◆ **What is needed**: Since the listing below shows pictures, leave them out and write out exactly the lines from the line with "남성 캐주얼 바지 여름" to the line with "Chandigarh, August 07: A", both included, and no others.

Input for this task section start

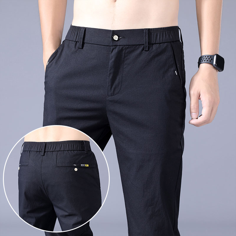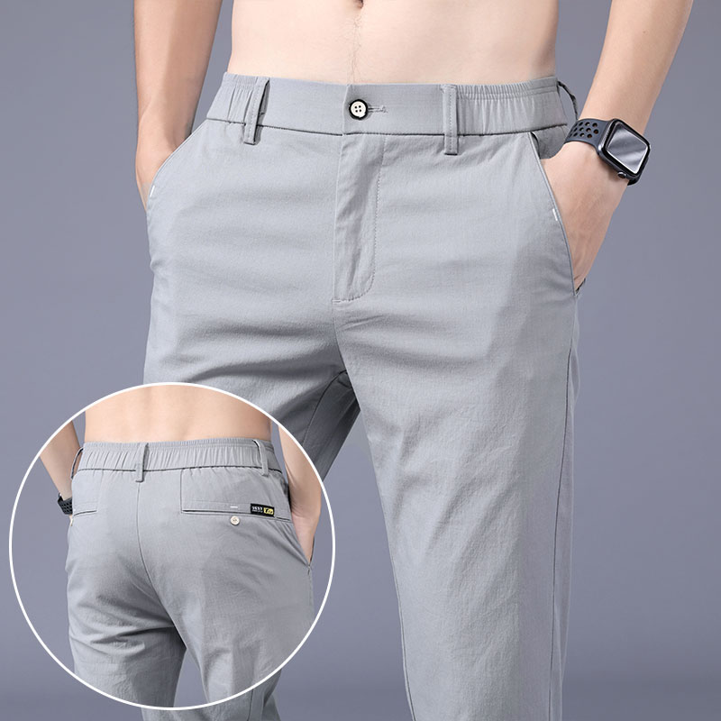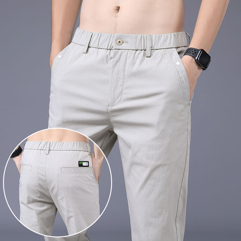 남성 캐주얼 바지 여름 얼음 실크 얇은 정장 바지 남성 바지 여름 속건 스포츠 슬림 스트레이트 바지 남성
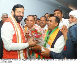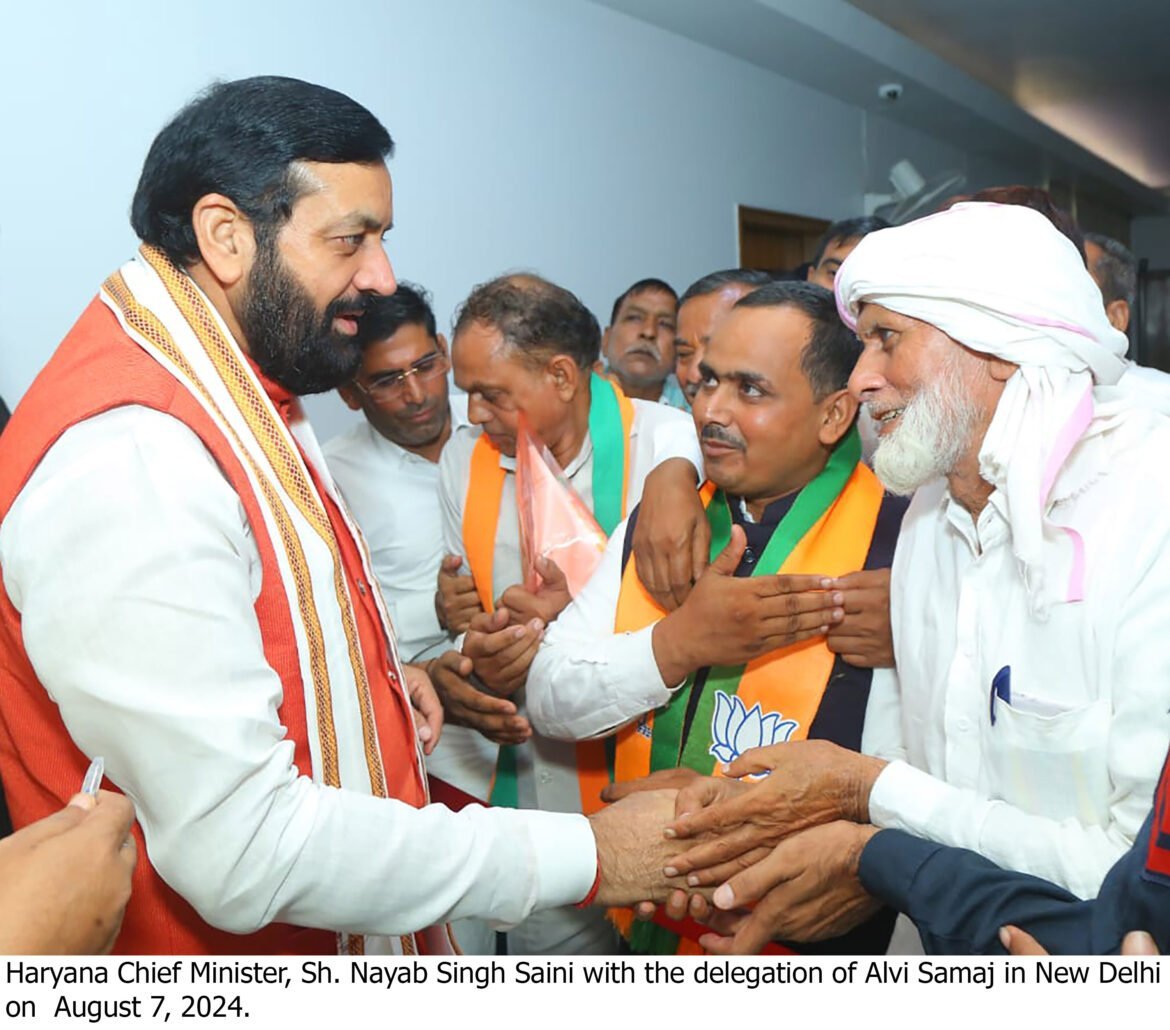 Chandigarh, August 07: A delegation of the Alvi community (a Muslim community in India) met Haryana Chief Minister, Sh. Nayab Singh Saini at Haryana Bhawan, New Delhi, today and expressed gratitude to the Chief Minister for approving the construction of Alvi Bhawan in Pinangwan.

Input for this task section end
Input for this task section start

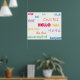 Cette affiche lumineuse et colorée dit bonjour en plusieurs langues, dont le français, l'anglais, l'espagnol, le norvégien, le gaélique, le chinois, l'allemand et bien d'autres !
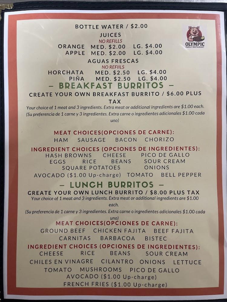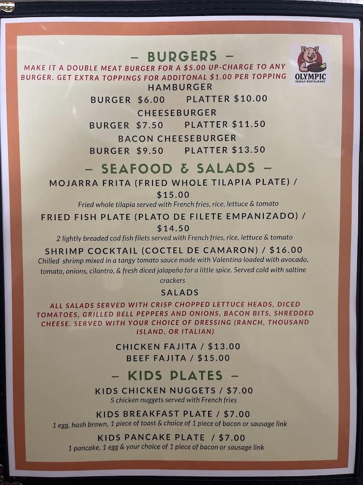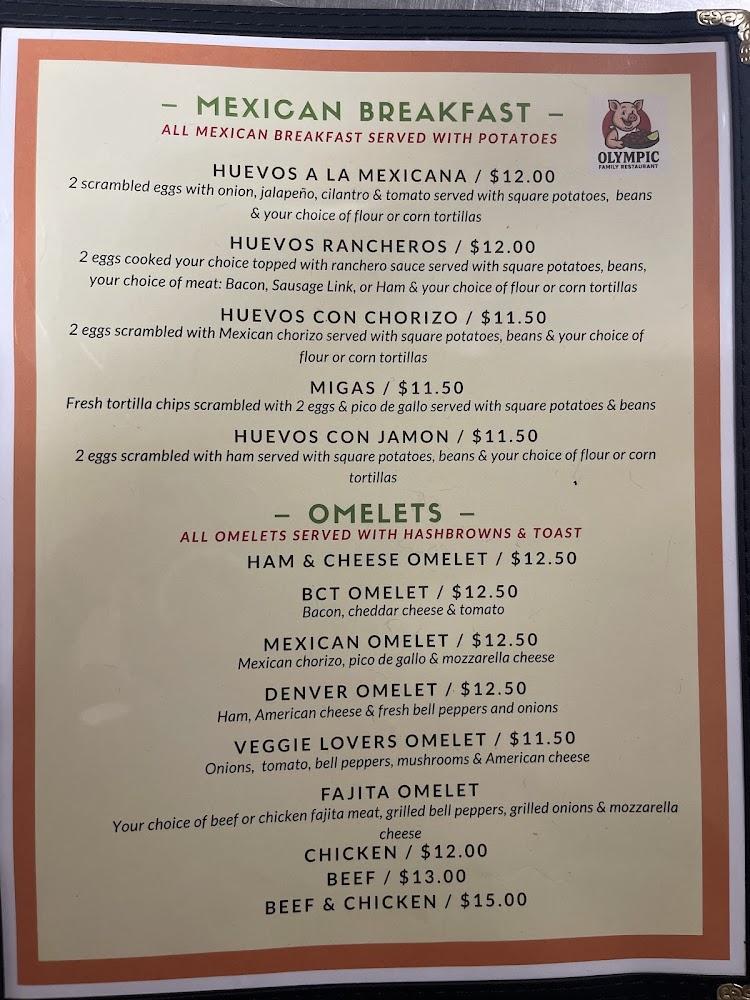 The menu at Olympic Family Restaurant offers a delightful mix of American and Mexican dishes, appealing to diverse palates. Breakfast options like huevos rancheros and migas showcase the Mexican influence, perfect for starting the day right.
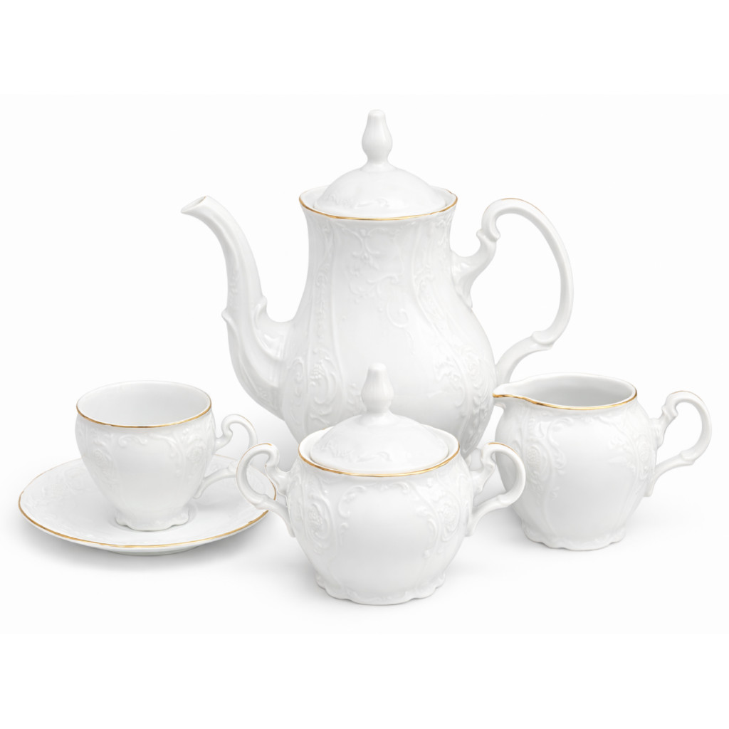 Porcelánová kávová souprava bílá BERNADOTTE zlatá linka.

Input for this task section end

◆ **Solution for this exercise**:
 남성 캐주얼 바지 여름 얼음 실크 얇은 정장 바지 남성 바지 여름 속건 스포츠 슬림 스트레이트 바지 남성
 Chandigarh, August 07: A delegation of the Alvi community (a Muslim community in India) met Haryana Chief Minister, Sh. Nayab Singh Saini at Haryana Bhawan, New Delhi, today and expressed gratitude to the Chief Minister for approving the construction of Alvi Bhawan in Pinangwan.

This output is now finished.